Wednesday, November 08, 2006

oh connecticut...

goddamn you, joe lieberman! you stupid lucky bastard.

oh, and senator santorum? peace out, guy! man-on-dog sex for everyone!

Sunday, November 05, 2006

six feet under...

it took me two and a half months, but as of tonight, i've finished watching all five seasons of _six feet under_.

the series finale had me crying like a baby. cry cry cry cry cry! the last four episodes all made me cry. i've told people in the past two and half months that i've felt like i was dating _six feet under_. seriously -- it was how i spent my free time, i got emotionally involved in it, it kept me interested, i looked forward to seeing it. it rarely let me down, too. i'll admit to being a little bored during the beginning of the last season, but the end was fantastic, and, as they say, all's well that end's well.

and, what's not to love about a show that focuses on characters who grew up in a funeral home? it's funny and sad and touching and human and the characters are flawed and vulnerable and earnest.

there you go. add it to your netflix queue.

Saturday, November 04, 2006

the hazard three-part test...

...did not make an appearance today on the MPRE. neither did the good ol' ethical guidepost of not sleeping with your client. and no sarbanes-oxley, either.

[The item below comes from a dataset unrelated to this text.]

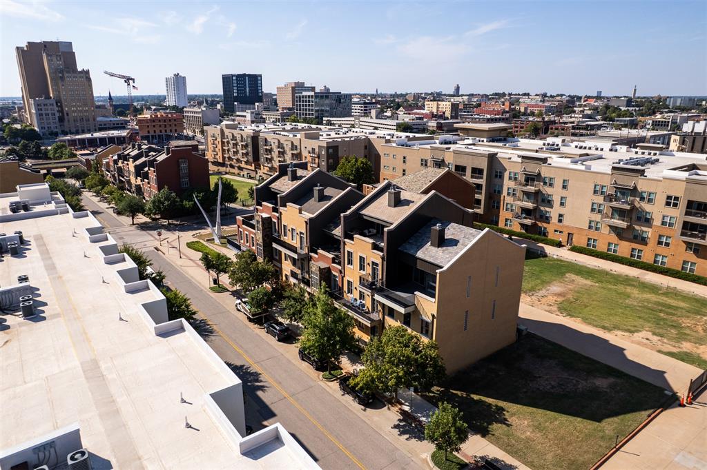An urban home designed for the way you want to live today. Located in Oklahoma City’s vibrant Deep Deuce District, this new three-story Maywood Brownstone combines modern luxury with timeless architectural style. Designed for both comfort and style, the home offers expansive living spaces, high-end finishes and the convenience of an elevator that serves every level. The layout spans three thoughtfully designed floors, providing room for both relaxation and entertaining. The private elevator makes moving between levels effortless, while the open floor plan connects the living, dining and kitchen areas in a way that feels inviting and airy. Twenty-two foot ceilings and abundant windows fill the main living space with natural light. The master suite is a true retreat with its spa-like bath featuring a soaking tub, walk-in shower, double vanity and custom finishes. A private patio frames skyline views of Downtown Oklahoma City for morning coffee or evening sunsets. Every detail of this Maywood Brownstone reflects quality, from elegant hardwood floors to designer lighting. Solid concrete construction with insulated foam keeps the home quiet and energy efficient. Additional upgrades include premium appliances, thoughtfully finished interiors and the convenience of a two-car attached garage, an uncommon find in downtown living. Living in Deep Deuce places you minutes from dining, shopping and entertainment. It’s a home that balances urban energy with everyday ease. The owner also has additional residences available and will do a long-term lease. Maywood Brownstones, ready for the way you want to live.
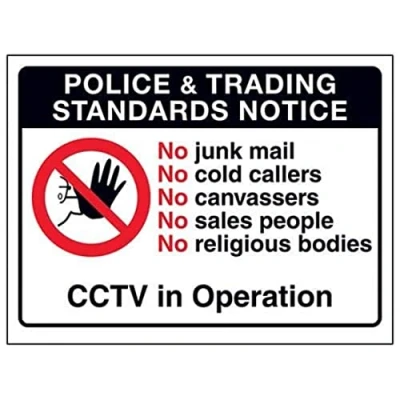 V Safety Trading Standards: No Cold Callers CCTV in Use Sign 200mm x 150mm Self Adhesive Vinyl

so how did it go? ugh. i refuse to talk about it. that's the duty of confidentiality. to myself. and my level of confidence. what's that you say? this makes no sense? no. indeed. but at least i'll know what to expect when i re-take this bitch in march.

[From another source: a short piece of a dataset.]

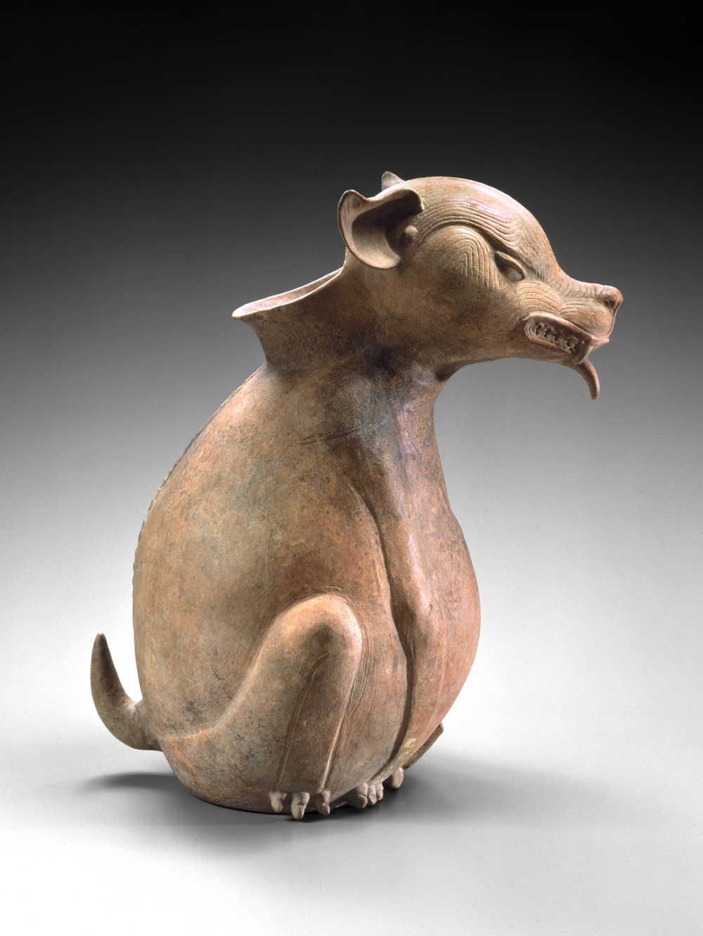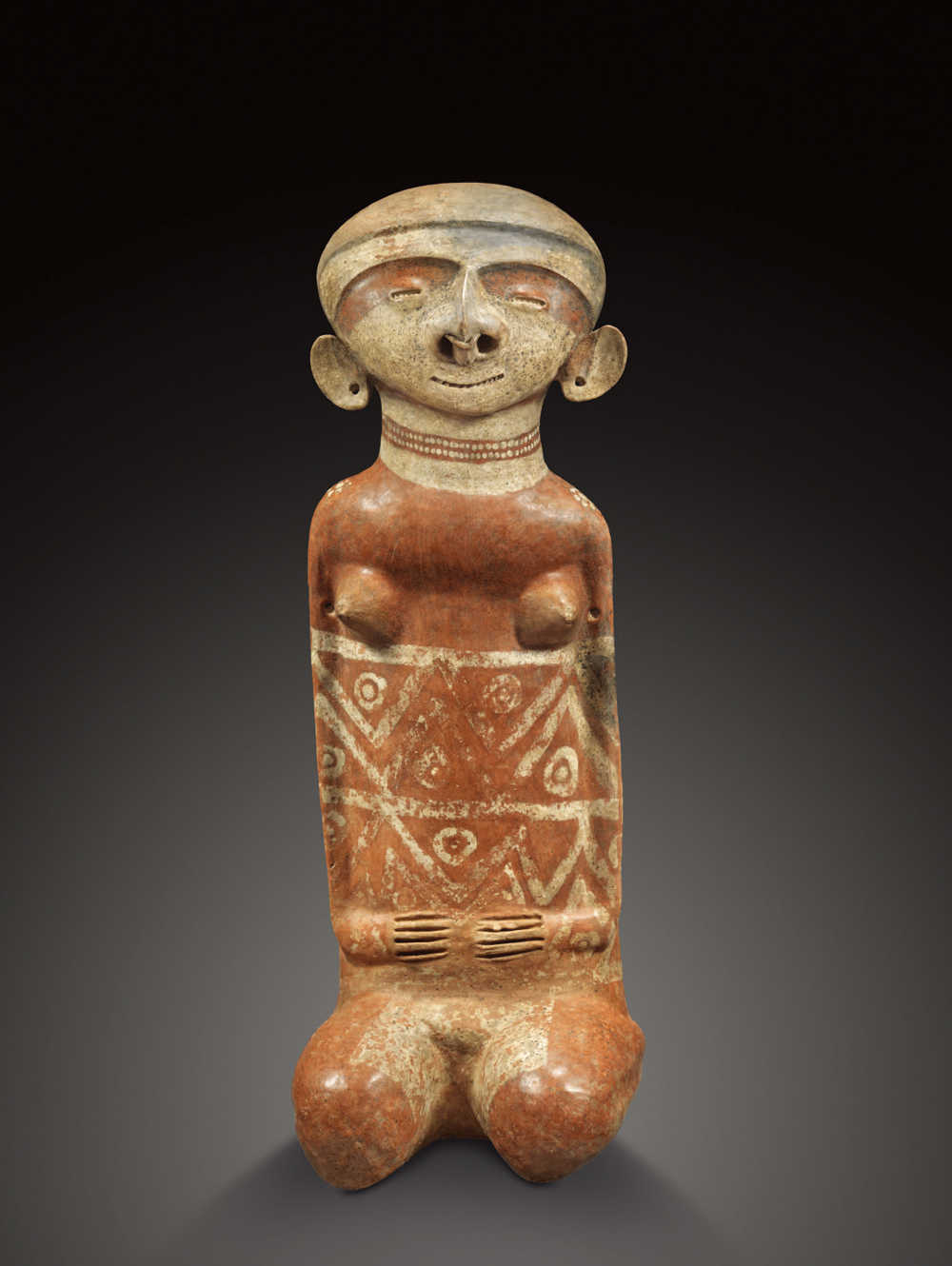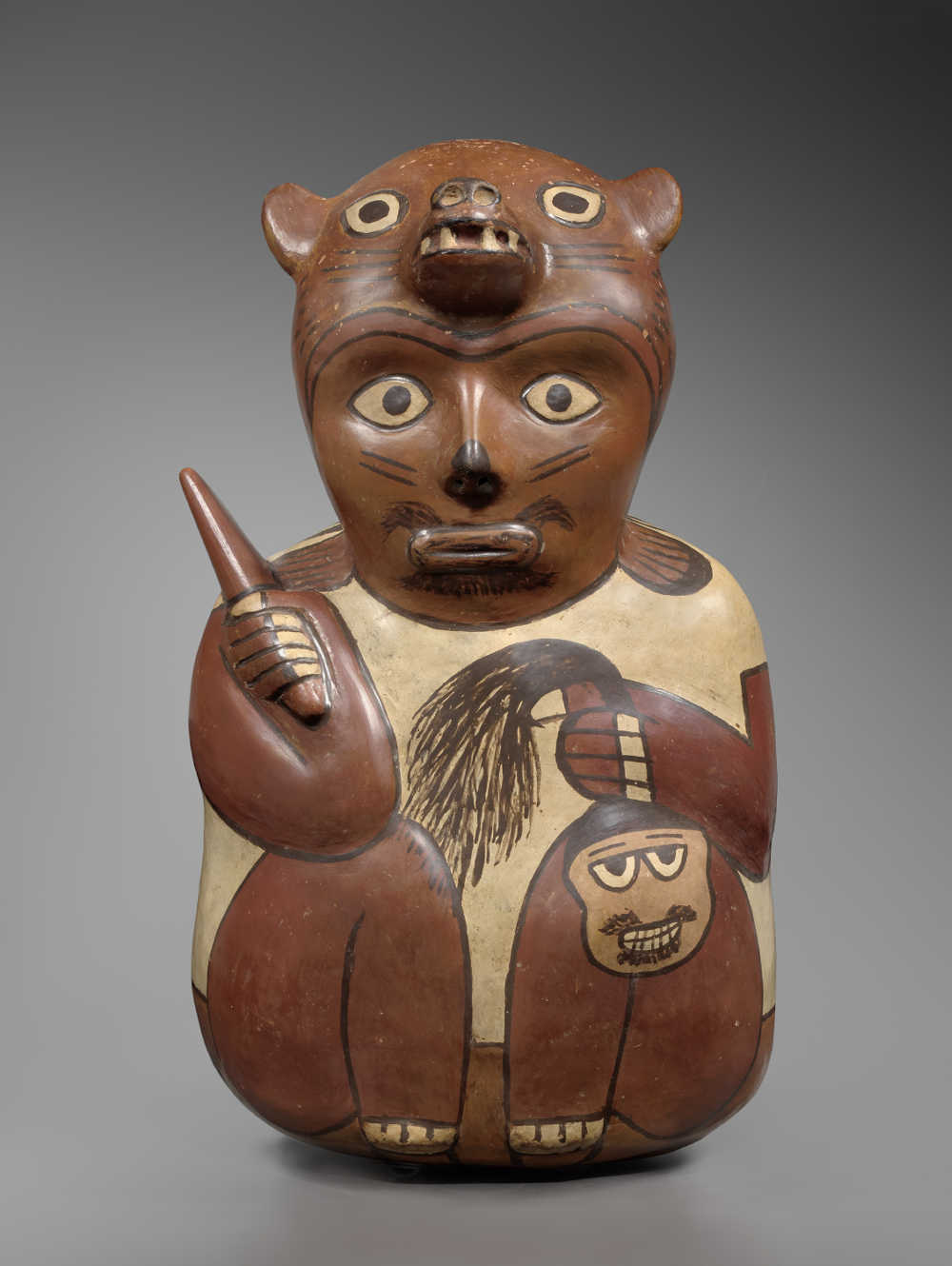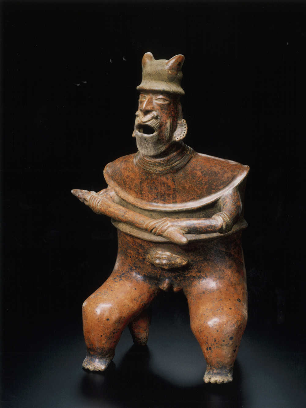 Terre cuite creuse brune à engobe rouge brun sur le corps et à engobe beige brun sur la tête. Traces d'oxyde de manganèse

BUT, let's just hope that come july, when i have to sit for the bar exam, they'll give us test-takers more than a tiny auditorium-seat-sized writing surface and a room with an actual clock in it. and maybe a reasonable room temperature?

eh, whine whine whine boo hoo. at least it's over! that's something positive.

Friday, November 03, 2006

it's almost election day!

okay. i'm gonna just go ahead and admit that i'll do anything that paul newman tells me to do. and ned lamont? of COURSE you approve this message!

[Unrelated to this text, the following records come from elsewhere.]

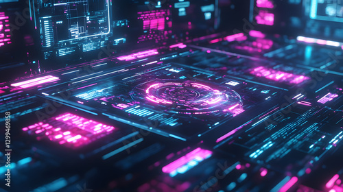 A futuristic AI system controlling neon-lit holograms, surrounded by real-time data and machine learning algorithms.
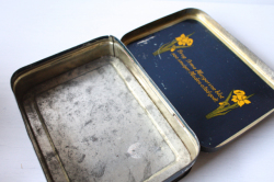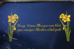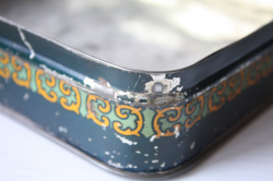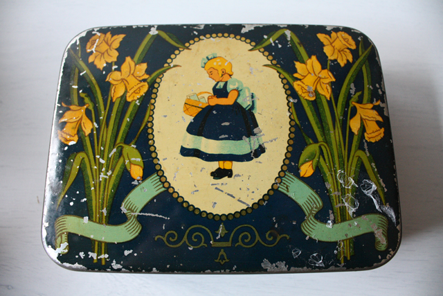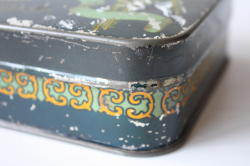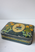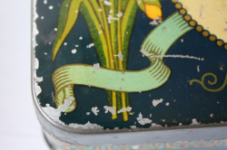 デンマークの高級スーパーIrma(イヤマ)のヴィンテージのスクエア缶です。イメージキャラクターのイアマちゃんがうつむいてたたずんでいます。ブルーのワンピースに、頭には大きなリボン、クラシックで上品ですね。イヤマの缶はデンマークでもコレクターが多いのです。こちらの缶は、今まで入荷したものの中でも特に古い物のようです。製造された時代によって素材の感じが違うのですが、こちらは素材のスチールに重量感がありヴィンテージ缶特有の味わいが感じられます。
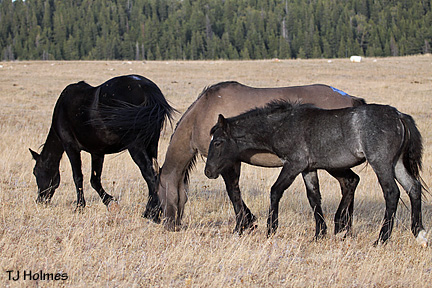 Mahogany grazing; Sable seeking attention from almost-3-year-old Kestrel (yearmate of Shadow and Reya).
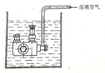 擰緊手泵,堵住出油口,把輸油泵浸在清潔的柴油中(如下圖),以0.3Mpa(3kgf/㎡)的壓縮空氣通入進(jìn)油口,觀察進(jìn)出油接頭處、活塞彈簧緊座,手泵等結(jié)合面的密封情況,不許有冒氣泡的現(xiàn)象。頂桿偶件處只允許有少量、細(xì)小的氣泡溢出。
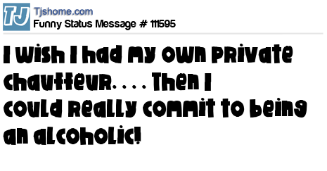 X says I wish I had my own private chauffeur. . . . Then I could really commit to being an alcoholic!
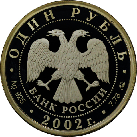 Аверс: Вверху вдоль канта номинал «ОДИН РУБЛЬ», внизу слева химическое название «Ag» и проба «925» металла, внизу по центру год выпуска «2002 г.», внизу справа чистый вес находящегося в монете драгоценного металла «7,78» и монограмма монетного двора «ММД». В середине в ободке из точек двуглавый орел под ним с внутренней стороны точечного ободка слова «БАНК РОССИИ».

Wednesday, November 01, 2006

emily's favorite statute of the week...

consider yourselves on notice, friends!


(f) Illegal use of shopping carts and laundry carts.--It is a violation of this section:
  1. To remove any shopping cart or laundry cart from the premises or parking area of a retail establishment with intent to temporarily or permanently deprive the owner of the cart, or the retailer, of possession of the cart.
  2. To remove a shopping cart or laundry cart, without written authorization from the owner of the cart, from the premises or parking area of any retail establishment.
  3. To possess, without the written permission of the owner or retailer in lawful possession thereof, any shopping cart or laundry cart off the premises or parking lot of the retailer whose name or mark appears thereon.
  4. To remove, obliterate or alter any serial number, name or mark affixed to a shopping cart or laundry cart.